Segment Start: Task inputs
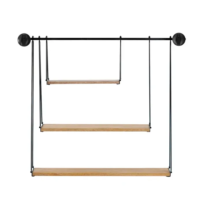 ชั้นวางของแบบติดผนัง,ชั้นวางของติดผนังกรอบโลหะสีดำหลายชั้นวางแบบโมเดิร์นสำหรับตกแต่ง
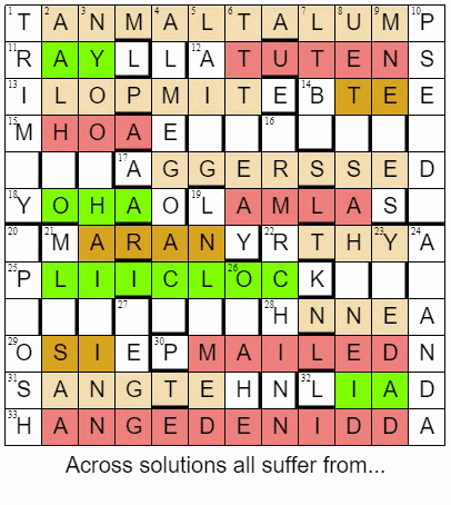 At some stage, as a few more Across clues started to take shape, with differing wordplay results/definitions and some helpful crossers, there was a first PDM as I twigged that the jumbling seemed to be just the middle letters – RAYL -> RYAL, OSIE -> OISE, RTHYA -> RHYTA, LAMLAS -> LLAMAS.
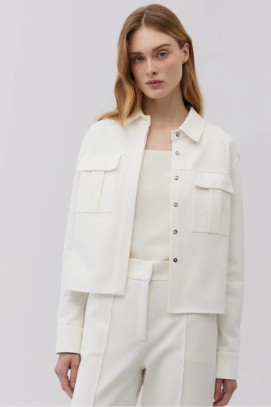 Weißer Blazer im Hemdenstil. Schlichte, leicht kastige Passform. Taschen mit Klappen. Druckknopfverschluss. Passend dazu Hose.
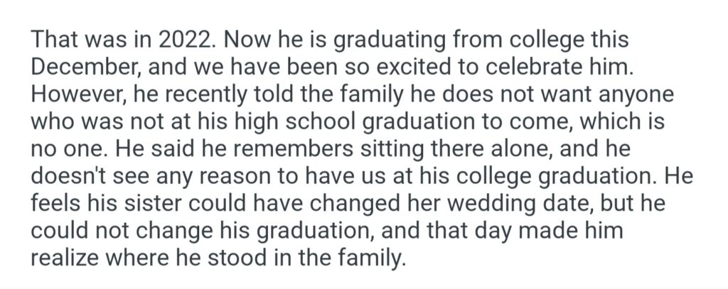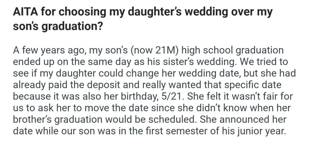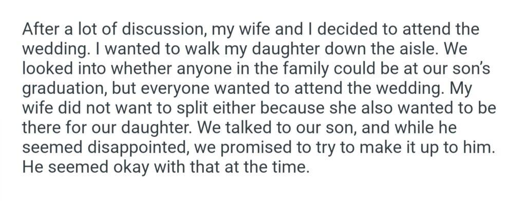 AITA For Choosing My Daughter’s Wedding Over My Son’s Graduation
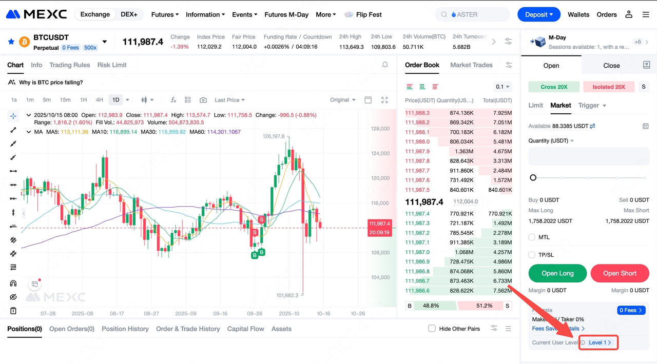 Ngoài ra, một số cặp giao dịch Futures Vĩnh cửu trên MEXC sẽ áp dụng tỷ lệ phí theo cấp độ, được thiết kế nhằm khuyến khích hoạt động giao dịch tích cực giữa những người dùng ở các cấp độ khác nhau. Vì mức phí có thể khác nhau tùy theo khu vực, bạn có thể kiểm tra Cấp độ người dùng hiện tại và cấp độ phí tương ứng trên trang giao dịch Futures. Khi khối lượng giao dịch tăng lên, bạn sẽ được nâng cấp lên các cấp cao hơn với mức phí ưu đãi hơn, đồng thời tiếp tục được hưởng lợi từ thanh khoản sâu và độ sâu thị trường vượt trội của MEXC.
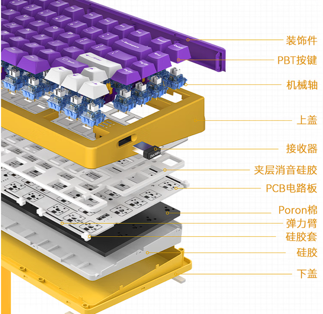 面达尔优A81键盘采用PBT材质双色键帽加弹力臂gasket结构,体现出极致的手感和反馈。轴体采用类似于茶轴的紫金轴Pro,可以全键轴体热插拔,按键力度适中,手感软弹细腻,压下去的时候是很清晰的感觉,没有普通薄膜键盘那种软绵绵的感觉,非常舒适,反馈也非常迅速。PBT材质键帽经久耐磨还不打油,非常适合长时间游戏玩家或长时间码字用户使用。
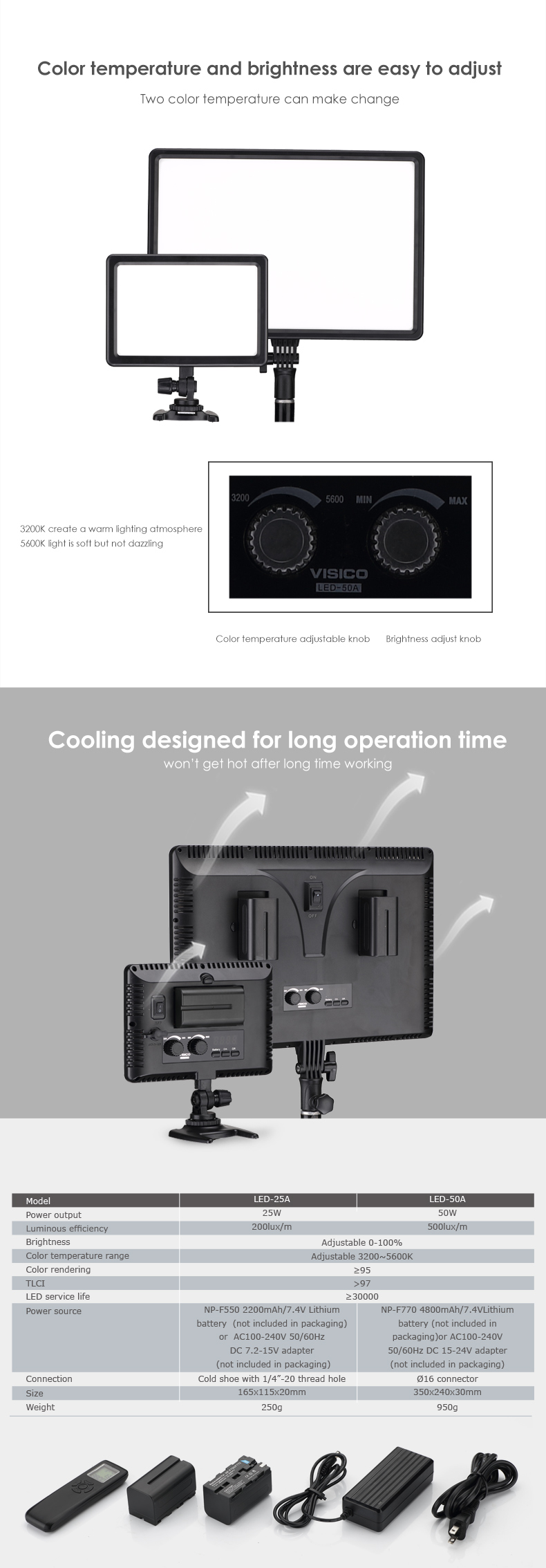 • Independent fine tune color temperature and power. Color temperature (3200 yellow to 5600K white) and brightness (0%- 100%) is steplessly adjusted.
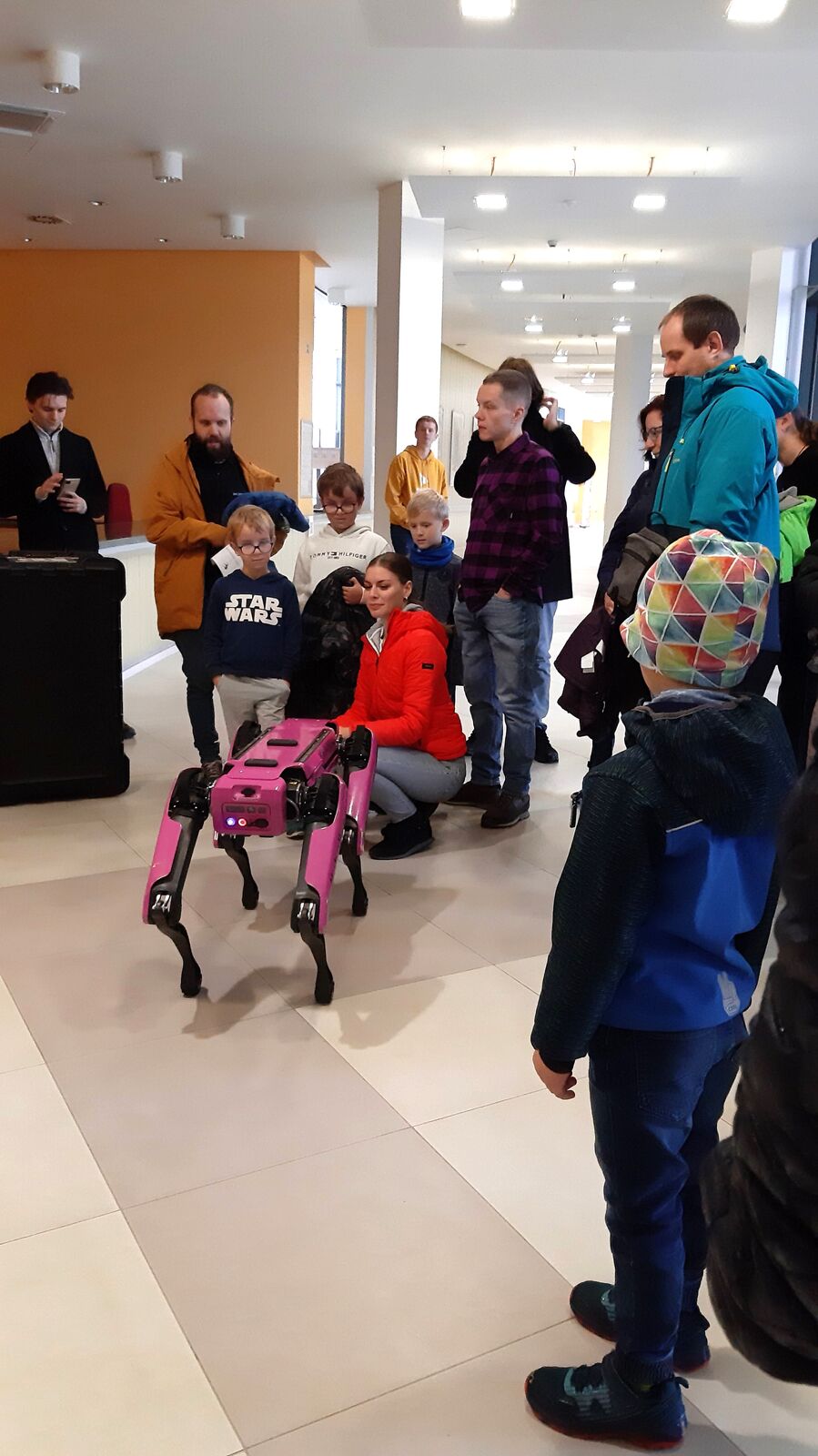 V rámci doprovodného programu zavítal na FAV i robotický pes SPOT od firmy Boston Dynamics, návštěvnice i návštěvníci si mohli užít výhled ze střechy fakulty nebo navštívit mobilní planetárium, které k nám dovezli zaměstnanci rokycanské hvězdárny a planetária.
Segment End: Task inputs
* Assignment:
Your answer must be the lines from the one containing "Weißer Blazer im" through the last line of the records, both included, written out exactly and without pictures.

* Response:
 Weißer Blazer im Hemdenstil. Schlichte, leicht kastige Passform. Taschen mit Klappen. Druckknopfverschluss. Passend dazu Hose.
 AITA For Choosing My Daughter’s Wedding Over My Son’s Graduation
 Ngoài ra, một số cặp giao dịch Futures Vĩnh cửu trên MEXC sẽ áp dụng tỷ lệ phí theo cấp độ, được thiết kế nhằm khuyến khích hoạt động giao dịch tích cực giữa những người dùng ở các cấp độ khác nhau. Vì mức phí có thể khác nhau tùy theo khu vực, bạn có thể kiểm tra Cấp độ người dùng hiện tại và cấp độ phí tương ứng trên trang giao dịch Futures. Khi khối lượng giao dịch tăng lên, bạn sẽ được nâng cấp lên các cấp cao hơn với mức phí ưu đãi hơn, đồng thời tiếp tục được hưởng lợi từ thanh khoản sâu và độ sâu thị trường vượt trội của MEXC.
 面达尔优A81键盘采用PBT材质双色键帽加弹力臂gasket结构,体现出极致的手感和反馈。轴体采用类似于茶轴的紫金轴Pro,可以全键轴体热插拔,按键力度适中,手感软弹细腻,压下去的时候是很清晰的感觉,没有普通薄膜键盘那种软绵绵的感觉,非常舒适,反馈也非常迅速。PBT材质键帽经久耐磨还不打油,非常适合长时间游戏玩家或长时间码字用户使用。
 • Independent fine tune color temperature and power. Color temperature (3200 yellow to 5600K white) and brightness (0%- 100%) is steplessly adjusted.
 V rámci doprovodného programu zavítal na FAV i robotický pes SPOT od firmy Boston Dynamics, návštěvnice i návštěvníci si mohli užít výhled ze střechy fakulty nebo navštívit mobilní planetárium, které k nám dovezli zaměstnanci rokycanské hvězdárny a planetária.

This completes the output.